Wednesday, October 29, 2025
Wednesday, October 29, 2025

Why people are so involved

EVERY election year, most Filipinos take a breather from the ho-hum of everyday living and take stock of the bigger picture, the nation’s present status and its future. Issues like what to eat today, where to go and what to wear are temporarily shelved, as citizens digest more important matters such as democracy, the right to vote, human rights and the economy.

It has been like that since free suffrage was restored in 1986, and successive administrations were put in office by the public, through the constitutional process of elections, and sometimes through the anti-charter oxymoronic “people power” in EDSA.

In the elections where Joseph Estrada, Benigno Aquino III and Rodrigo Duterte won, their victories were attributed to the electorate’s disappointment in, or hatred of, their predecessors’ administrations, because of pervasive graft and corruption, culture of impunity and oligarchic cronyism, and other shenanigans.

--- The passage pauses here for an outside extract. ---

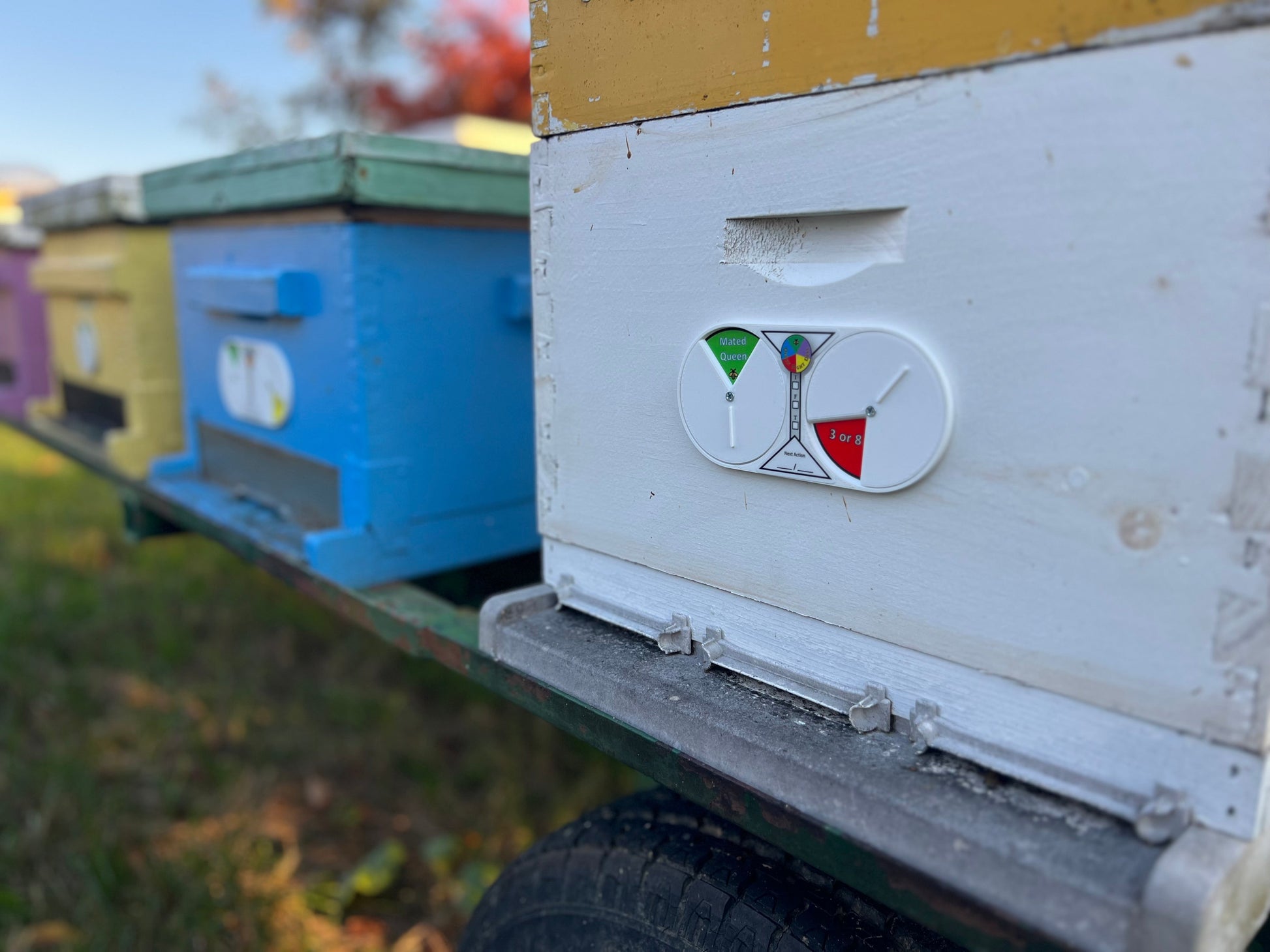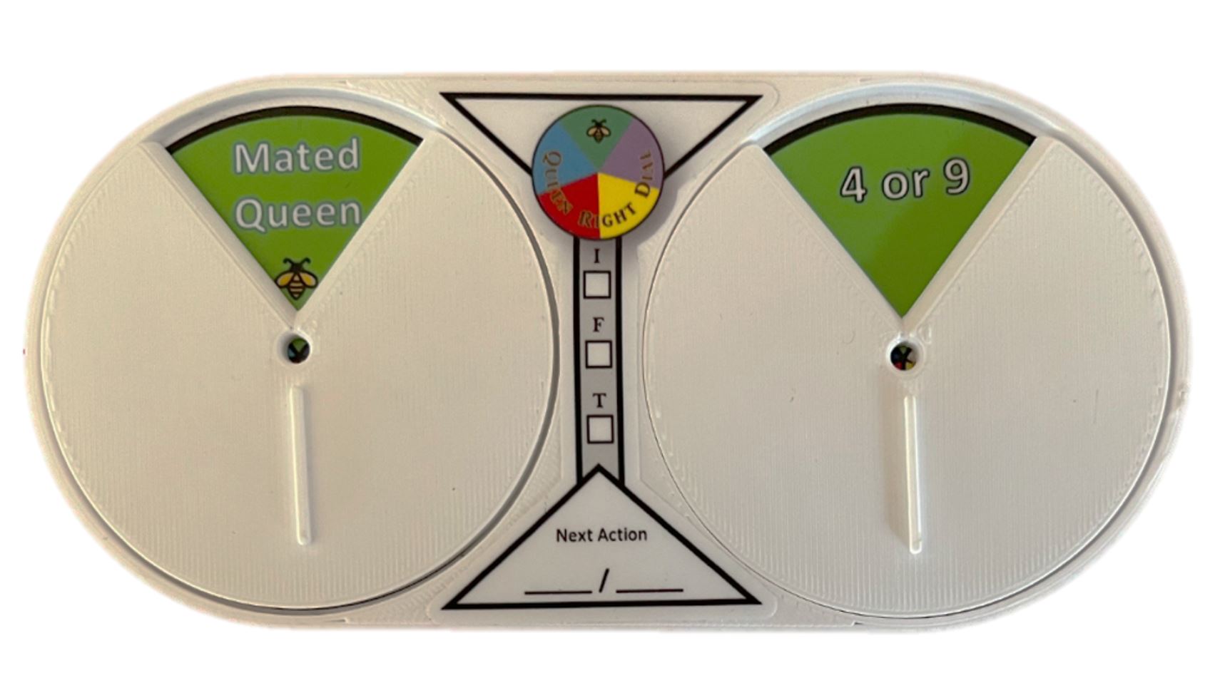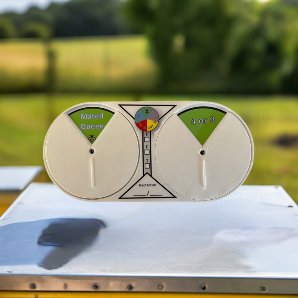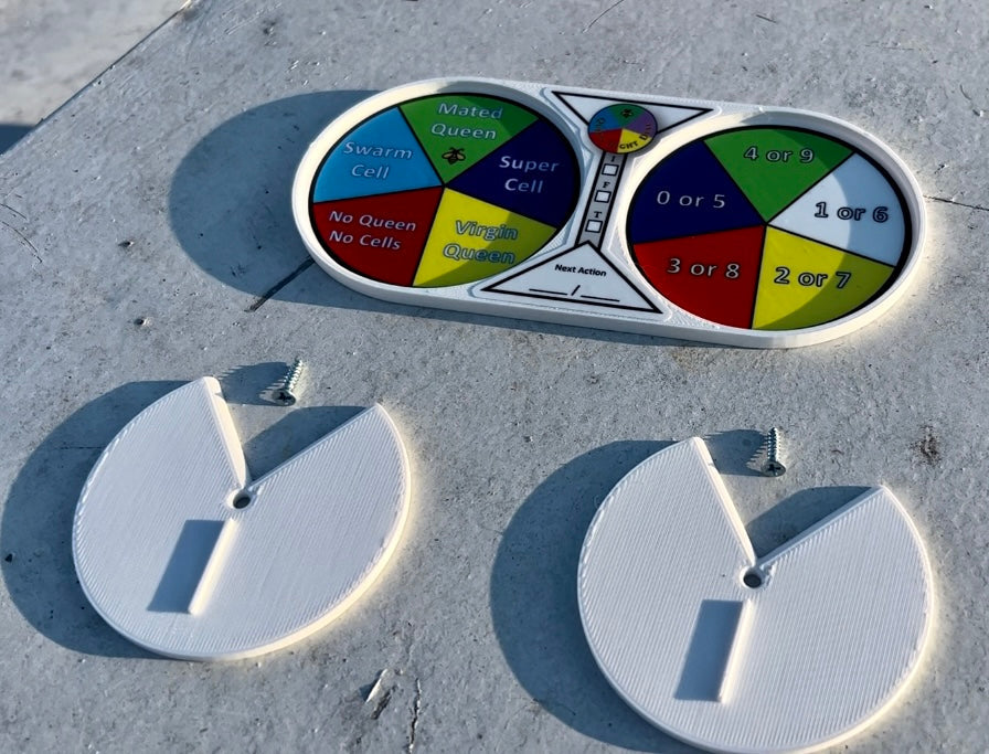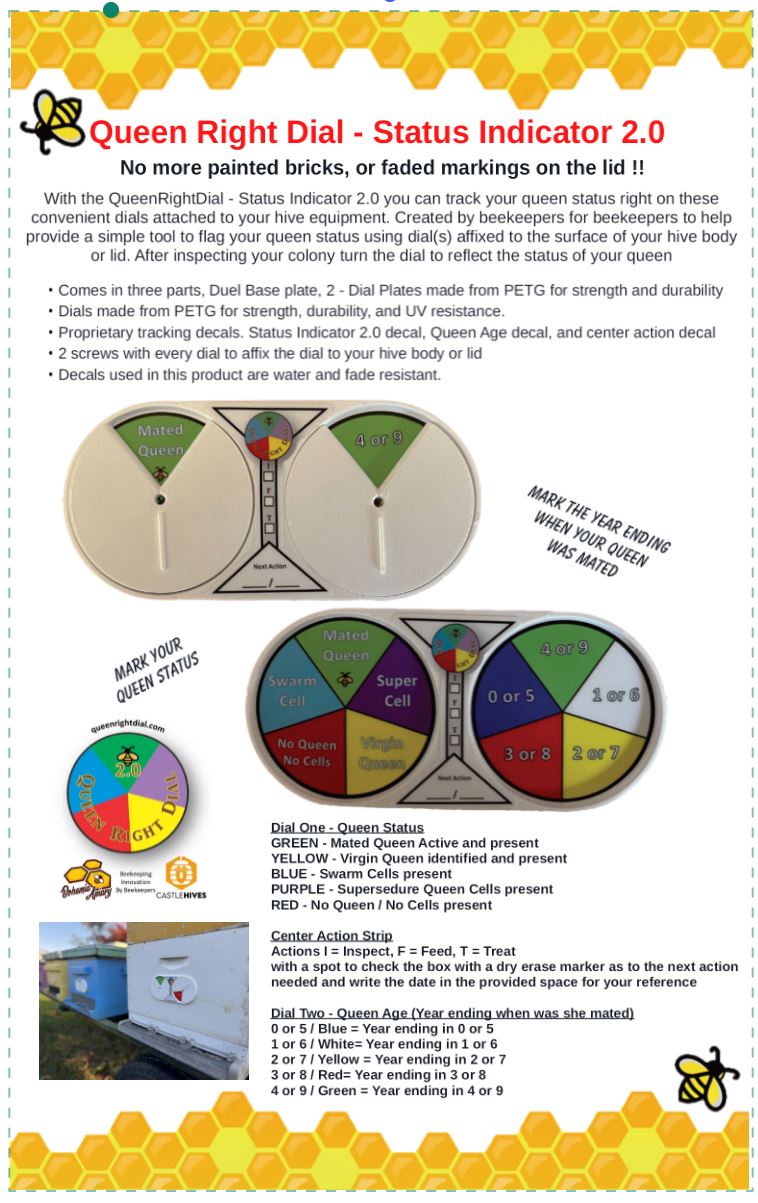 Comes in three(3) parts, Duel Base plate, 2 - Dial Plates. Along with the proprietary tracking decals. Status Indicator 2.0 decal, Queen Age decal, and center action decal. We also include 2 screws with every dial to affix the dial to your hive body or lid

‘Filipinos are now getting seriously involved in the choice of the leaders that they pick — seriously enough to give their time and effort, pay for their own food, transport and campaign materials, all in the spirit of volunteerism.’

The elections this year also show to some extent the populace’s discontent and condemnation of the continuing system of corruption, with a difference. Filipinos are now getting seriously involved in the choice of the leaders that they pick — seriously enough to give their time and effort, pay for their own food, transport and campaign materials, all in the spirit of volunteerism. They are involved because they want real, honest-to-goodness change for the better.

When the Supreme Court temporarily stopped the implementation of Commission on Election’s Oplan Baklas, election lawyer Romulo Macalintal noted that the high court’s TRO is “a great development and victory for the candidates who do not have enough funds to sustain a nationwide campaign and rely only on help and support of volunteers.”

He further opined that “in this election 2022 where, for the first time, people from all walks of life are the ones spending for their candidates, the SC TRO will certainly give poor candidates a strong fighting chance to level the playing field in the political arena since it is now the private citizens who would do their own share in ensuring that we elect only honest and competent leaders with the utmost integrity.”

We just hope that by June this year, when our new leaders shall have been elected and a peaceful transition of power is effected, the citizens’ sense of involvement in good governance is still strong.